Please transcribe exactly the lines from the first line of the records below through the line containing "and purple undertones", including both, and omit all pictures.

● **Information**:
━━━━━━

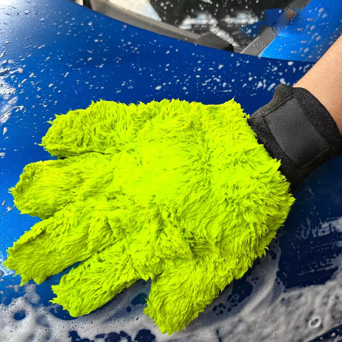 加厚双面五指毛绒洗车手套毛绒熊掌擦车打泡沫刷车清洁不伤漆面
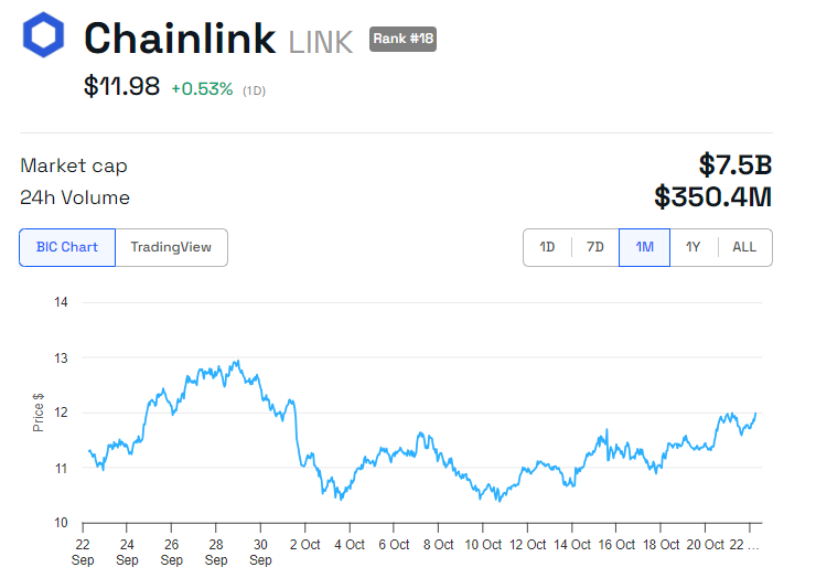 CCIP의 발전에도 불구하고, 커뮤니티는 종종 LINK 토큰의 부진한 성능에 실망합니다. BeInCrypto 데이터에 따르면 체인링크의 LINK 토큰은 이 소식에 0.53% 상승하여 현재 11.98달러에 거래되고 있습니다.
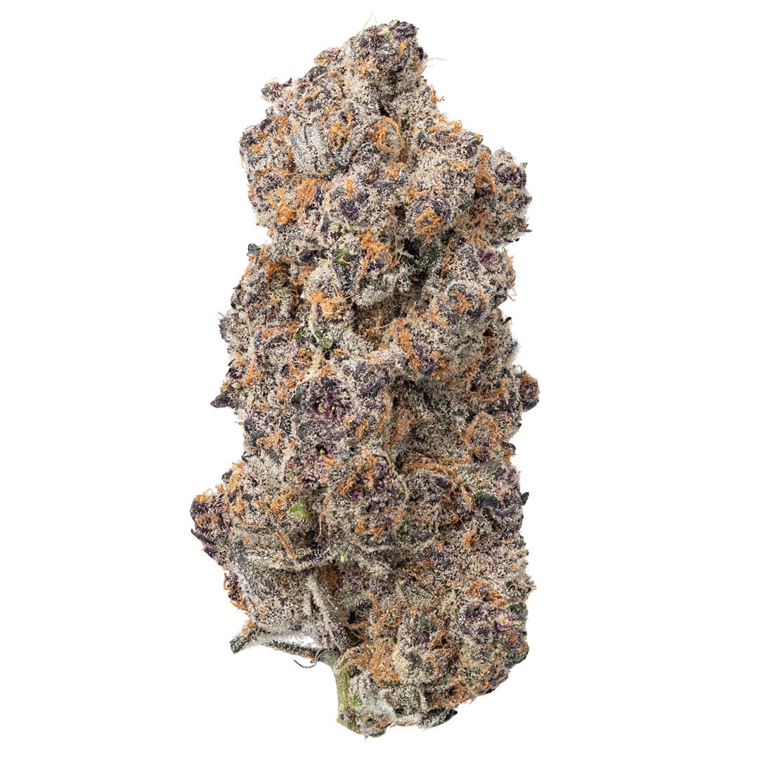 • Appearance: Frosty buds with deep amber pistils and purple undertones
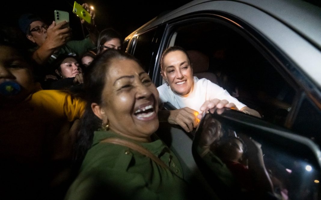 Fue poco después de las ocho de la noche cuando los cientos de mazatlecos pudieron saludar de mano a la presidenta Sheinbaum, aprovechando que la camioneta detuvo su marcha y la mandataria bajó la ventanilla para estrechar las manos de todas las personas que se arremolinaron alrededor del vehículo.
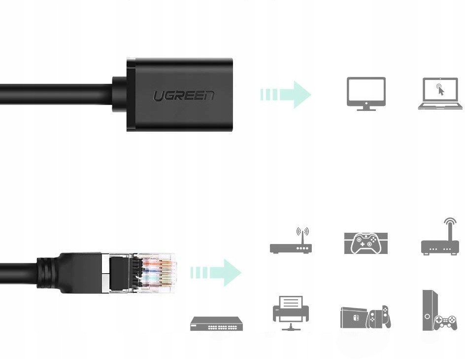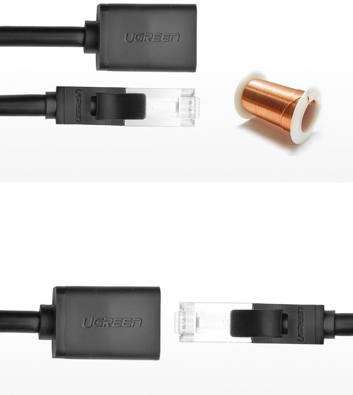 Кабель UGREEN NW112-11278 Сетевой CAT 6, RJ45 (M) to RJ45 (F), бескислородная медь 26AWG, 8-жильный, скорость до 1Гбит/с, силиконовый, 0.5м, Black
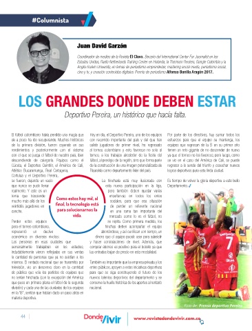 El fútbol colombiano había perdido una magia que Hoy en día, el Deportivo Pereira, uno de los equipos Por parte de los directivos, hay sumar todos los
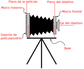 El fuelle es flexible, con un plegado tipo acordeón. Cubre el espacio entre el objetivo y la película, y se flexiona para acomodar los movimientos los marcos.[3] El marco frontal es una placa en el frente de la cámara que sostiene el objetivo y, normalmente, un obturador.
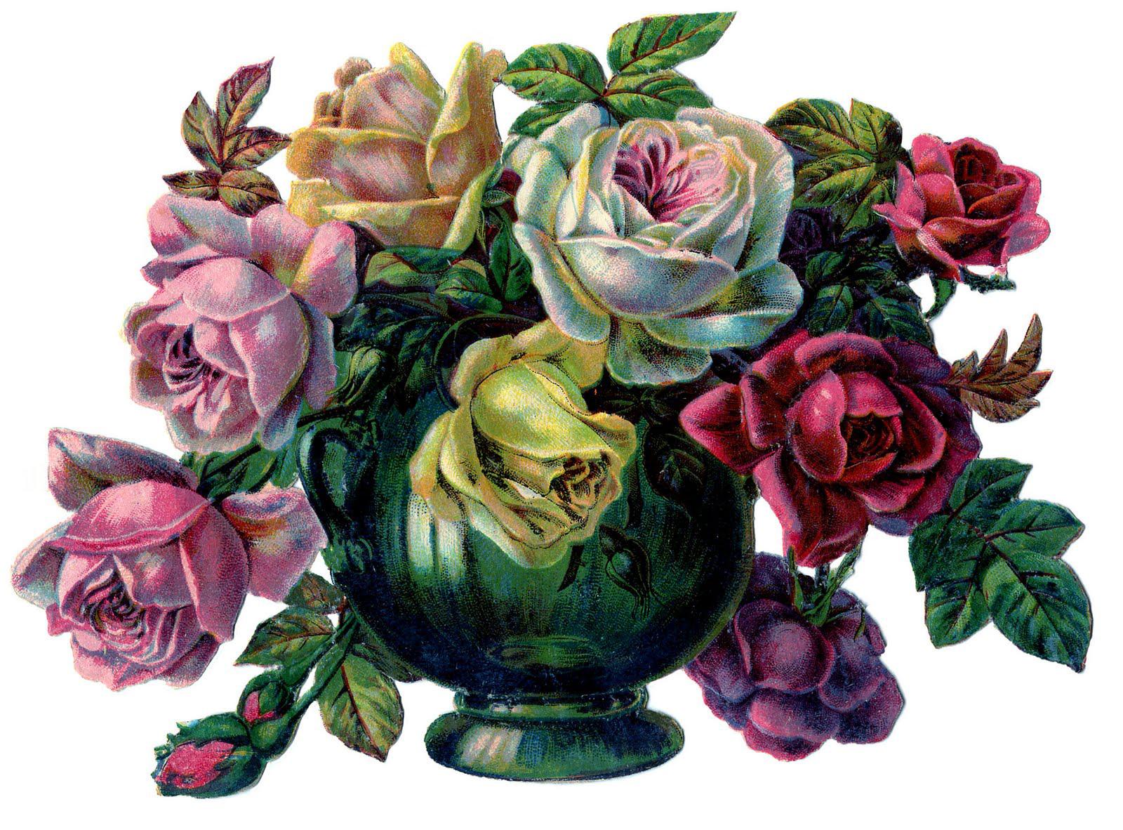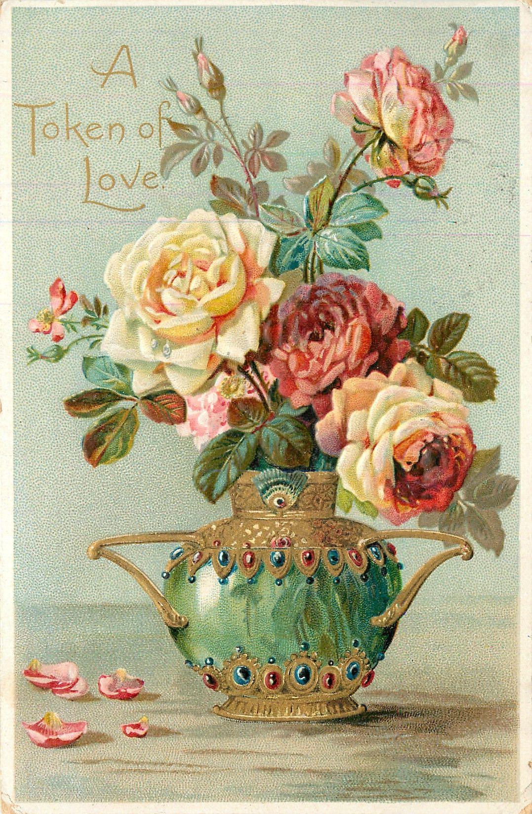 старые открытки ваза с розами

━━━━━━

● **Written response**:
 加厚双面五指毛绒洗车手套毛绒熊掌擦车打泡沫刷车清洁不伤漆面
 CCIP의 발전에도 불구하고, 커뮤니티는 종종 LINK 토큰의 부진한 성능에 실망합니다. BeInCrypto 데이터에 따르면 체인링크의 LINK 토큰은 이 소식에 0.53% 상승하여 현재 11.98달러에 거래되고 있습니다.
 • Appearance: Frosty buds with deep amber pistils and purple undertones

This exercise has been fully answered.